Perf is a facility comprised of kernel infrastructure for gathering various events and userspace tool to get gathered data from the kernel and analyze it. It is like a gprof, but it is non-invasive, low-overhead and profile the whole stack, including your app, libraries, system calls AND kernel with CPU!
perf tool supports a list of measurable events that you can view with
perf list command. The tool and underlying kernel interface can measure events coming from different sources. For instance, some events are pure kernel counters, in this case, they are called software events. Examples include context-switches, minor-faults, page-faults, and others.
Another source of events is the processor itself and its Performance Monitoring Unit (PMU). It provides a list of events to measure micro-architectural events such as the number of cycles, instructions retired, L1 cache misses and so on. Those events are called “PMU hardware events” or “hardware events” for short. They vary with each processor type and model - look at this Vince Weaver’s perf page for details
The “perf_events” interface also provides a small set of common hardware events monikers.
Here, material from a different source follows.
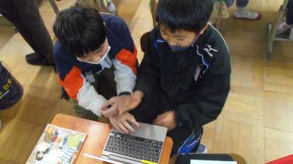 授業の最後にはぺアトークをしました。ギガ端末を使ってスーパーマーケット内の道案内をしました。

On each processor, those events get mapped onto actual events provided by the CPU if they exist, otherwise, the event cannot be used. Somewhat confusingly, these are also called hardware events and hardware cache events.
Finally, there are also tracepoint events which are implemented by the kernel ftrace infrastructure. Those are only available with the 2.6.3x and newer kernels.
Thanks to such a variety of events and analysis abilities of the userspace tool (see below)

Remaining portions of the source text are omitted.